Work task ▸ Please reproduce the listing below exactly, leaving out every picture.

Given records ▸
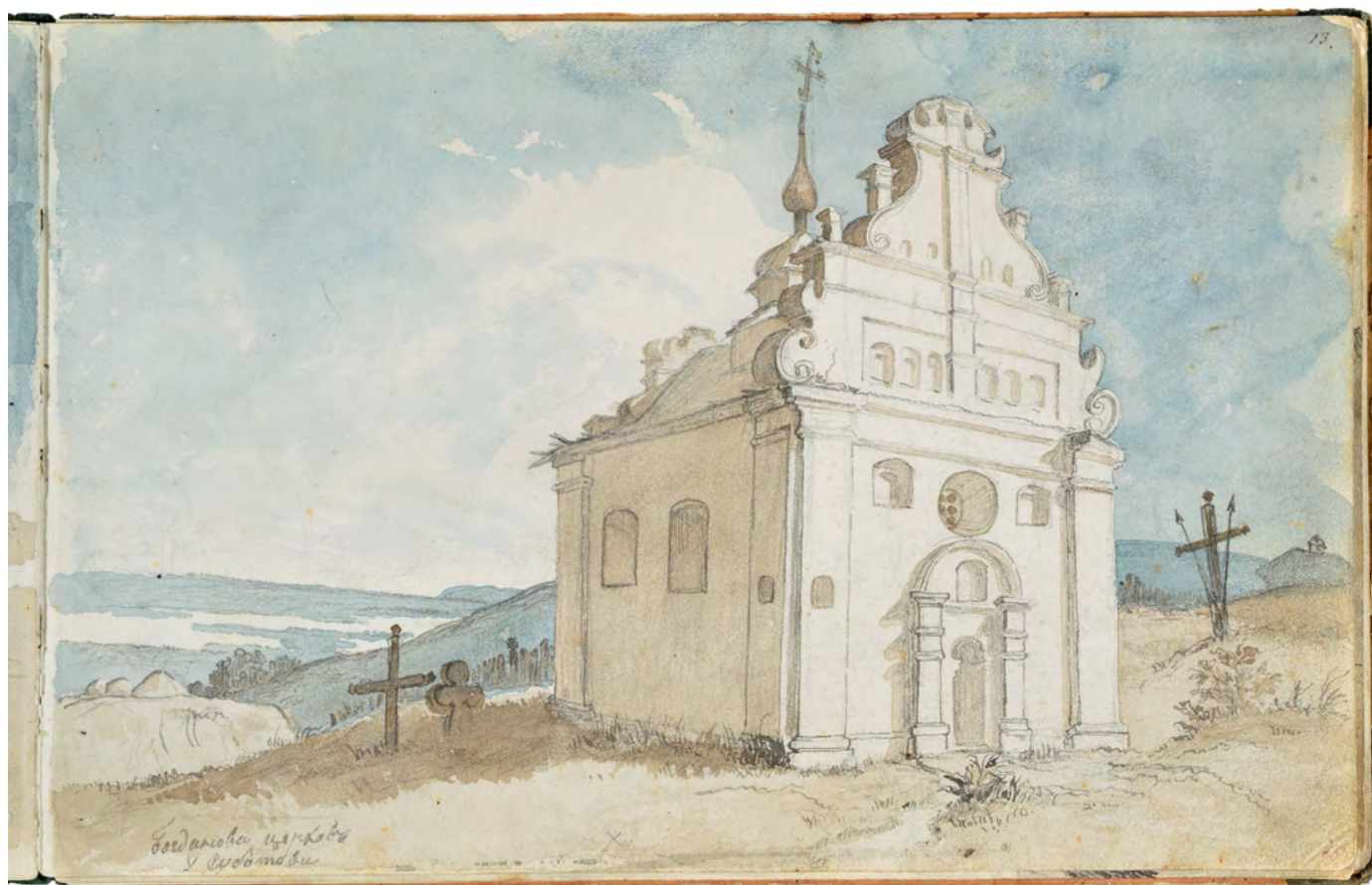
Тарас Шевченко, «Богданова церква у Суботіві»

Іллінська церква в селі Суботів була збудована Богданом Хмельницьким як храм для його родини. Самого гетьмана теж поховали там. Церкву малювали багато художників.
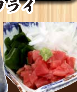
まぐろ切り落とし
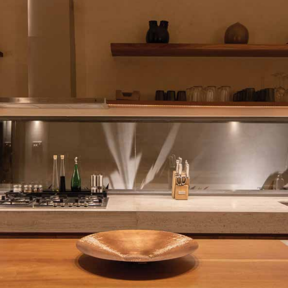
Diseños y materiales que realzan la arquitectura de la península, creando espacios únicos.
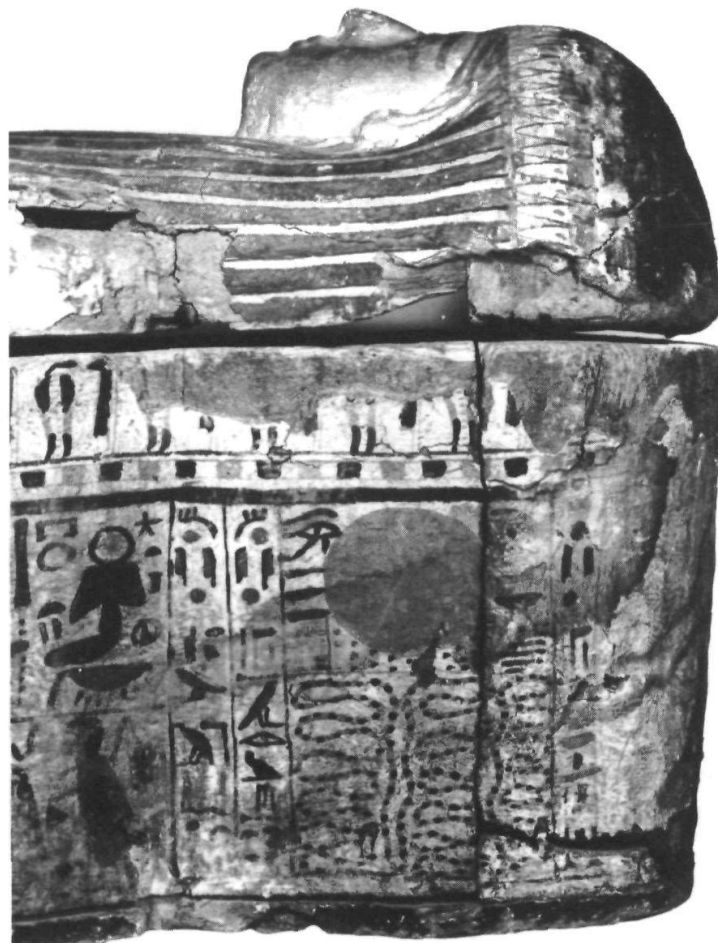
Das Kopfende des Sarges zeigt die rot bemalte Sonnenscheibe im Horizont über der vielfach gewundenen Apothis-Schlange, die immer wieder vom Sonnengott überwunden wird.

Auch der Umstand, dass die Wände in den Massengräbern nicht mehr dekoriert, sondern in rohem Zustand belassen wurden, hat wohl mit dem besseren Schutz des Grabes zu tun. Solange weder Name noch Titel an den Wänden die Sargbesitzer auswies und die Räuber eine Fülle von aufgestapelten Särgen vorfanden, von denen sie nicht wussten, wem die darin ruhenden Mumien gehörten, waren diese relativ sicher. Diese Massenverstecke erwiesen sich als gut gewählt, wurden sie doch zwischen 959 und 935 v. Chr. endgültig versiegelt und erst Ende des letzten Jahrhunderts wieder entdeckt.
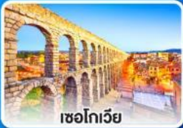
เซโกเวีย
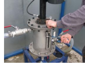
Pruebas planta piloto
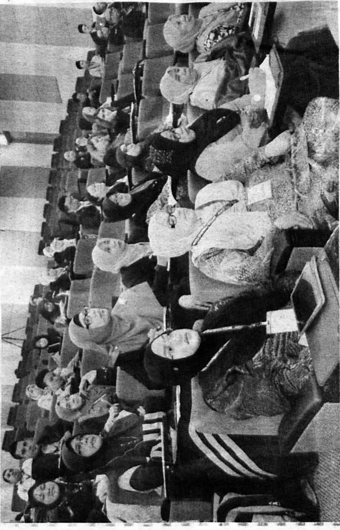
PEPERTA dari 20 universiti awam mendengar dengan tekun pembentangan kertas kerja tokoh ilmu negara.
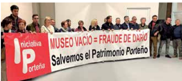
Protesta de Iniciativa Porteña en la jornada.
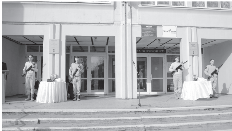
Мемориальные доски установили на здании школы.
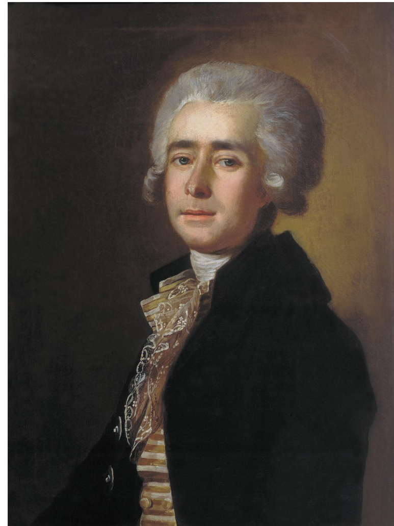
Дмитрий Степанович Бортнянский
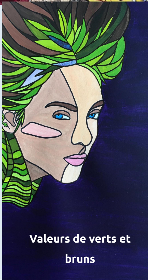
Valeurs de verts et bruns

Exemples de réalisations d' élèves en peinture
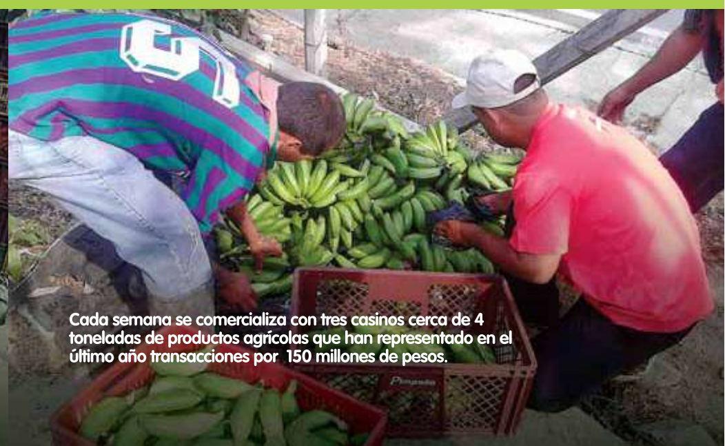
Cada semana se comercializa con tres casinos cerca de 4 toneladas de productos agrícolas que han representado en el último año transacciones por 150 millones de pesos.
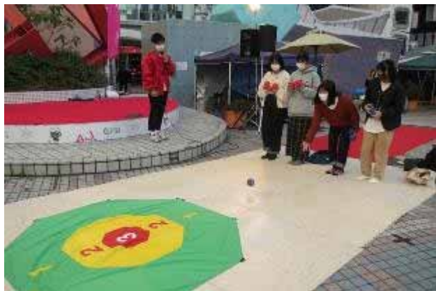
パラスポーツ・アクティビティ・ポッチャ
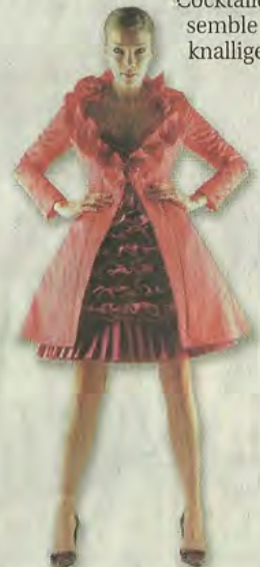
Modell Anibas: Cocktail-Kreation in Pink & Orange aus edlem Satin
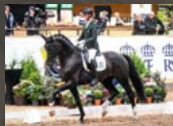
Skyline To B Blue Hors St. Schufro - Ampere

Dressurpferde Leistungszentrum Lodbergen GmbH Zum Jägerack 2, 49624 Lönningen/Lodbergen, Germany T +49-5432-5959460, F +49-5432-59594699, info@dressurleistungszentrum.de www.dressurleistungszentrum.de
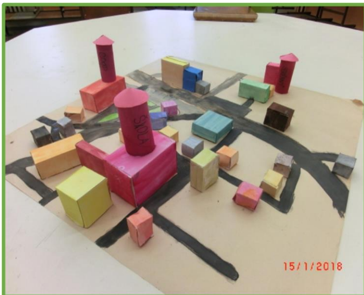
ZŠ Opařany, JČ
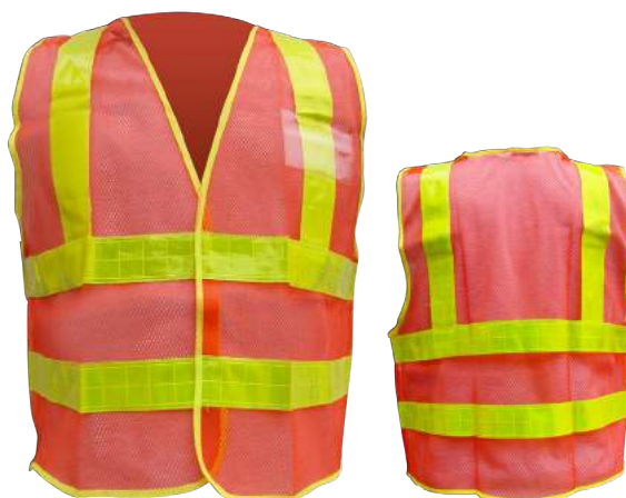
COD. #010803008 Chaleco reflectivo mixto
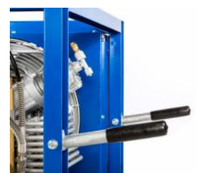
Sturzrahmen inkl. Tragegriffe

Der Sturzrahmen bietet zusätzlichen Schutz der Anlage und erlaubt mit den integrierten und ausklappbaren Tragegriffen einen einfachen und komfortablen Transport.
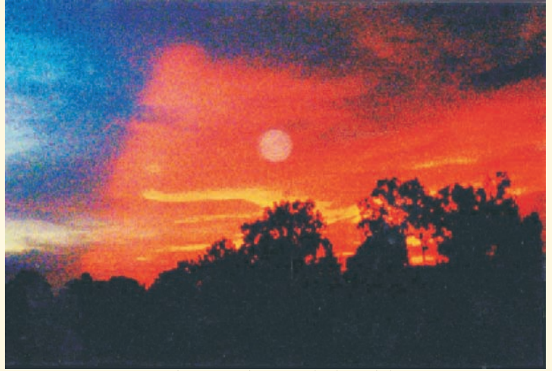
सूर्यास्तानंतर तपोनगरातून घेतलेला फोटो

आपल्या मित्राला भेट करावे. वर्गणी सोबत, त्यांचं नाव व पत्ता आमच्याकडे पाठवावा.

Response to this exercise ▸
Тарас Шевченко, «Богданова церква у Суботіві»

Іллінська церква в селі Суботів була збудована Богданом Хмельницьким як храм для його родини. Самого гетьмана теж поховали там. Церкву малювали багато художників.
まぐろ切り落とし
Diseños y materiales que realzan la arquitectura de la península, creando espacios únicos.
Das Kopfende des Sarges zeigt die rot bemalte Sonnenscheibe im Horizont über der vielfach gewundenen Apothis-Schlange, die immer wieder vom Sonnengott überwunden wird.

Auch der Umstand, dass die Wände in den Massengräbern nicht mehr dekoriert, sondern in rohem Zustand belassen wurden, hat wohl mit dem besseren Schutz des Grabes zu tun. Solange weder Name noch Titel an den Wänden die Sargbesitzer auswies und die Räuber eine Fülle von aufgestapelten Särgen vorfanden, von denen sie nicht wussten, wem die darin ruhenden Mumien gehörten, waren diese relativ sicher. Diese Massenverstecke erwiesen sich als gut gewählt, wurden sie doch zwischen 959 und 935 v. Chr. endgültig versiegelt und erst Ende des letzten Jahrhunderts wieder entdeckt.
เซโกเวีย
Pruebas planta piloto
PEPERTA dari 20 universiti awam mendengar dengan tekun pembentangan kertas kerja tokoh ilmu negara.
Protesta de Iniciativa Porteña en la jornada.
Мемориальные доски установили на здании школы.
Дмитрий Степанович Бортнянский
Valeurs de verts et bruns

Exemples de réalisations d' élèves en peinture
Cada semana se comercializa con tres casinos cerca de 4 toneladas de productos agrícolas que han representado en el último año transacciones por 150 millones de pesos.
パラスポーツ・アクティビティ・ポッチャ
Modell Anibas: Cocktail-Kreation in Pink & Orange aus edlem Satin
Skyline To B Blue Hors St. Schufro - Ampere

Dressurpferde Leistungszentrum Lodbergen GmbH Zum Jägerack 2, 49624 Lönningen/Lodbergen, Germany T +49-5432-5959460, F +49-5432-59594699, info@dressurleistungszentrum.de www.dressurleistungszentrum.de
ZŠ Opařany, JČ
COD. #010803008 Chaleco reflectivo mixto
Sturzrahmen inkl. Tragegriffe

Der Sturzrahmen bietet zusätzlichen Schutz der Anlage und erlaubt mit den integrierten und ausklappbaren Tragegriffen einen einfachen und komfortablen Transport.
सूर्यास्तानंतर तपोनगरातून घेतलेला फोटो

आपल्या मित्राला भेट करावे. वर्गणी सोबत, त्यांचं नाव व पत्ता आमच्याकडे पाठवावा.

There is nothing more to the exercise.